El descubrimiento y el informe de CVE-2024-20253 son atribuidos al investigador de seguridad de Synacktiv, Julien Egloff. La falla afecta a los siguientes productos:
- Administrador de Comunicaciones Unificadas (versiones 11.5, 12.5(1) y 14)
- Servicio de presencia y mensajería instantánea de Unified Communications Manager (versiones 11.5(1), 12.5(1) y 14)
- Edición de gestión de sesiones de Unified Communications Manager (versiones 11.5, 12.5(1) y 14)
- Unified Contact Center Express (versiones 12.0 y anteriores, y 12.5(1))
- Unity Connection (versiones 11.5(1), 12.5(1) y 14)
- Navegador de voz virtualizado (versiones 12.0 y anteriores, 12.5(1) y 12.5(2))
Aunque no hay soluciones alternativas disponibles para abordar esta deficiencia, el fabricante de equipos de red insta a los usuarios a configurar listas de control de acceso para limitar el acceso en aquellos casos en que no sea posible aplicar las actualizaciones de inmediato.

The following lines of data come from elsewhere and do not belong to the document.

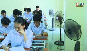 Học sinh nỗ lực học tập khi thời tiết nắng nóng
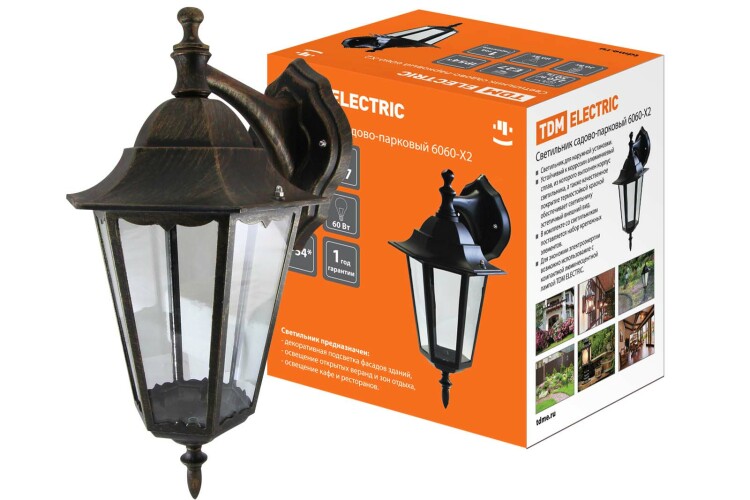 Светильник 6060-12 садово-парковый шестигранник, 60Вт, вниз, бронза TDM
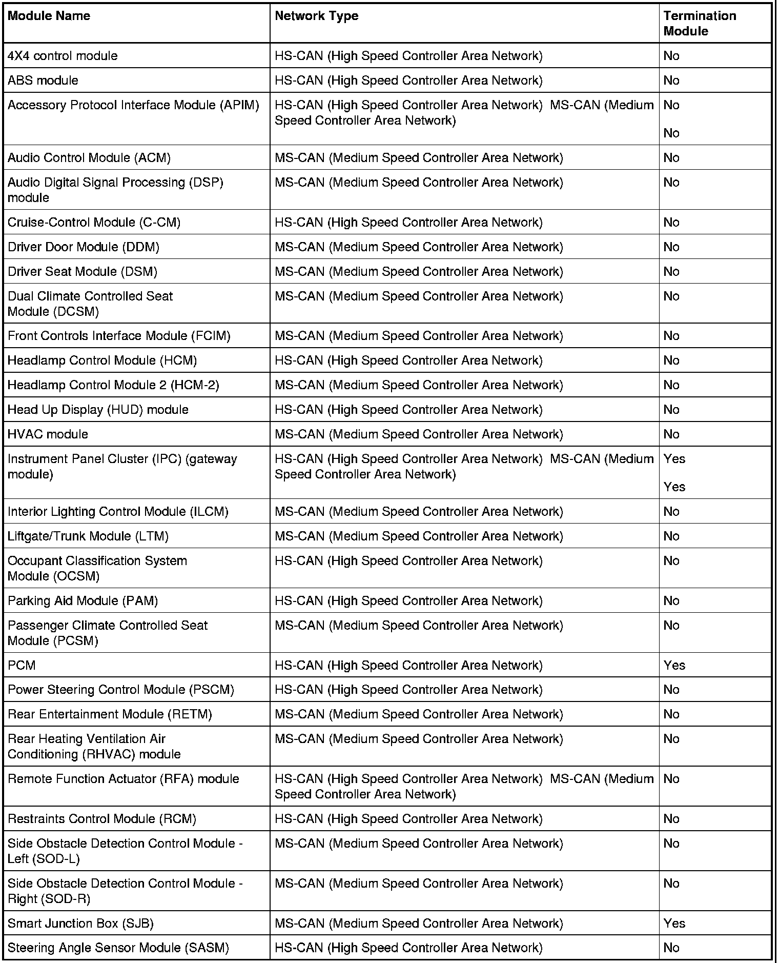The Instrument Panel Cluster (IPC) is the gateway module, translating messages on the HS-CAN (High Speed Controller Area Network) to the MS-CAN (Medium Speed Controller Area Network) and vice versa. This function allows a message to be distributed throughout both networks.

La compañía aconseja: ‘Establezca listas de control de acceso (ACL) en dispositivos intermedios que separen el clúster de Comunicaciones Unificadas de Cisco o las Soluciones de Centro de Contacto de Cisco de los usuarios y el resto de la red, permitiendo el acceso solo a los puertos de los servicios implementados’.
Esta revelación surge algunas semanas después de que Cisco enviara correcciones para una vulnerabilidad crítica en Unity Connection (CVE-2024-20272, puntuación CVSS: 7,3), la cual podría permitir a un adversario ejecutar comandos arbitrarios en el sistema subyacente.